__DATA PROVIDED__:

---

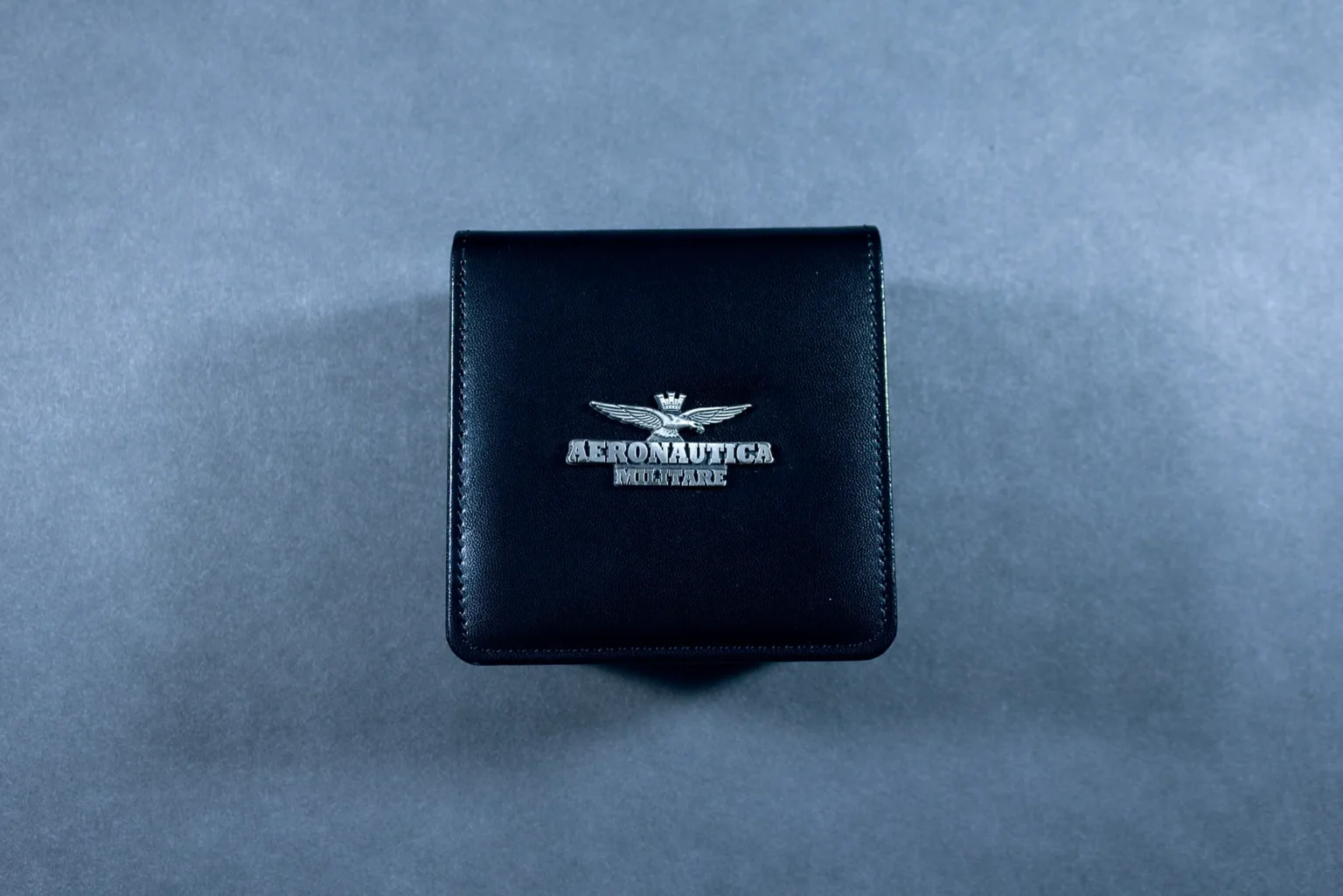 I designed the packaging for the official watch product line of the Italian Air Force (Aeronautica Militare). It consists of a black regenerated leather box containing a silver metal plaque depicting the logo in 3D, with silver-coloured printed details. The box is housed in an outer box containing the instruction booklet and warranty certificate.
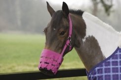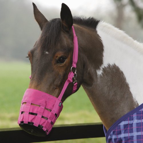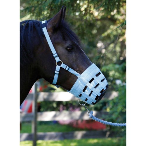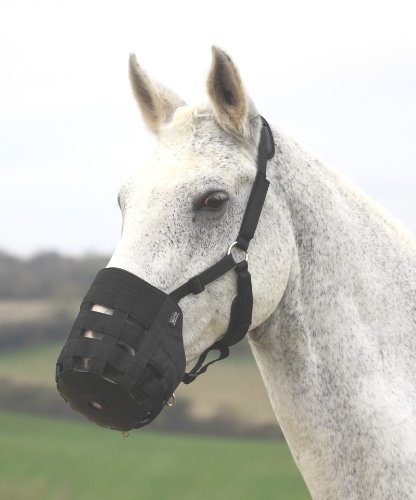 Studio : SHIRES EQUESTRIAN LLC Publisher : SHIRES EQUESTRIAN LLC Binding : Misc. Product Description Shires Nylon Grass Muzzle This nylon grazing muzzle will help limit the amount of grass your horse can eat thus curbing overeating. It features a strong rubber base, with tough nylon web bars on the side and a headpiece and throatlatch to keep the muzzle securely in place. Features: Helps curb overeating Quality nylon and rubber construction Headpiece and throatlatch for secure placement Specifications: Circumference Cob Size Bottom - 21" Top - 23.5" Full Size Bottom - 22" Top - 27" 0
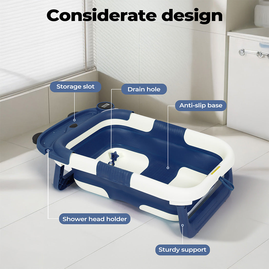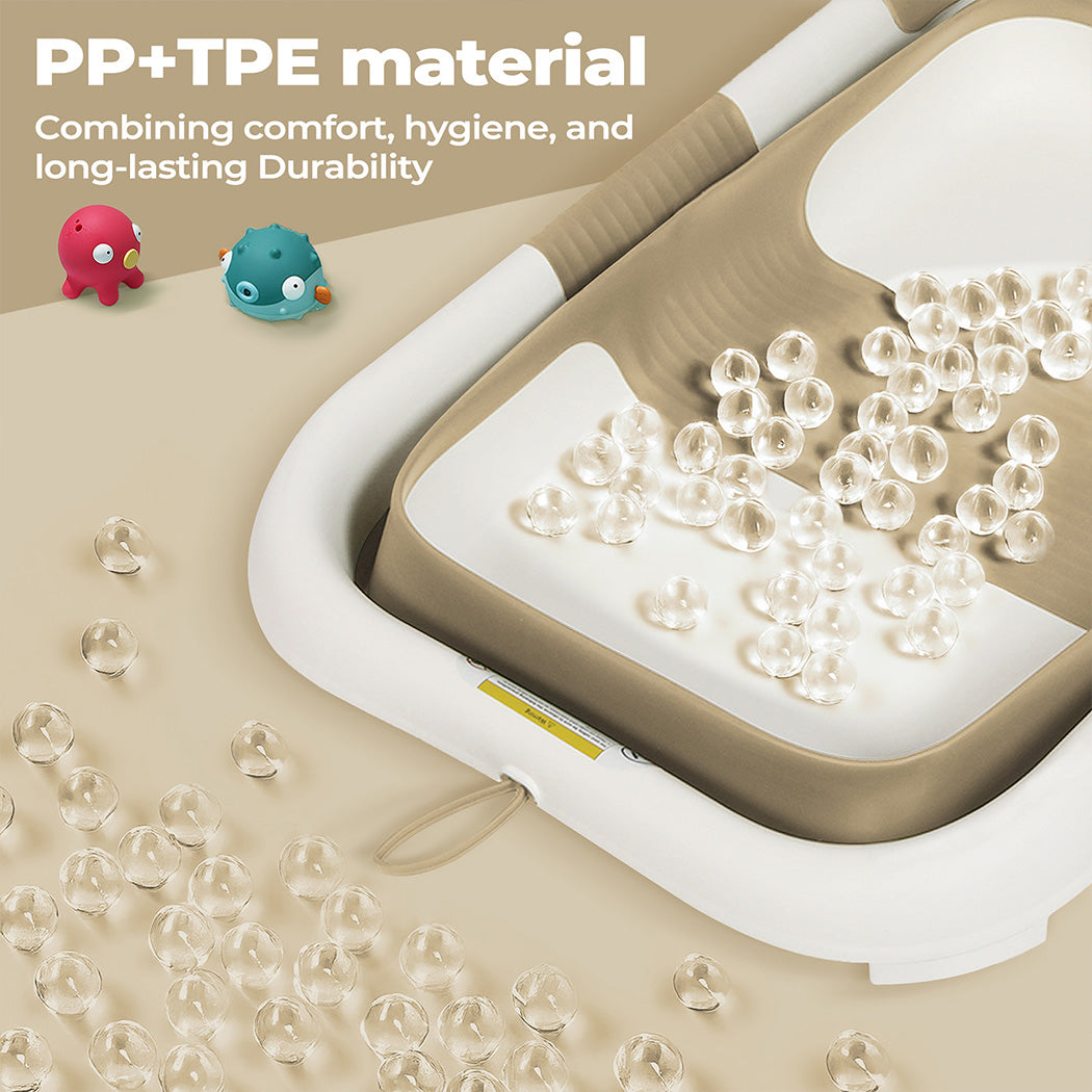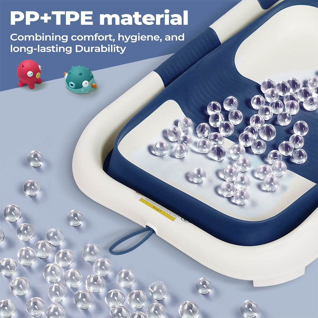 Made from high-quality, eco-friendly PP and TPE materials, our bathtub is non-toxic, BPA-free, and safe for your baby’s sensitive skin. The non-slip pads ensure stability on any flat surface, making bath time worry-free.

---

Images are to be skipped, and each line above is to be returned exactly.

__WRITTEN REPLY__:
 I designed the packaging for the official watch product line of the Italian Air Force (Aeronautica Militare). It consists of a black regenerated leather box containing a silver metal plaque depicting the logo in 3D, with silver-coloured printed details. The box is housed in an outer box containing the instruction booklet and warranty certificate.
 Studio : SHIRES EQUESTRIAN LLC Publisher : SHIRES EQUESTRIAN LLC Binding : Misc. Product Description Shires Nylon Grass Muzzle This nylon grazing muzzle will help limit the amount of grass your horse can eat thus curbing overeating. It features a strong rubber base, with tough nylon web bars on the side and a headpiece and throatlatch to keep the muzzle securely in place. Features: Helps curb overeating Quality nylon and rubber construction Headpiece and throatlatch for secure placement Specifications: Circumference Cob Size Bottom - 21" Top - 23.5" Full Size Bottom - 22" Top - 27" 0
 Made from high-quality, eco-friendly PP and TPE materials, our bathtub is non-toxic, BPA-free, and safe for your baby’s sensitive skin. The non-slip pads ensure stability on any flat surface, making bath time worry-free.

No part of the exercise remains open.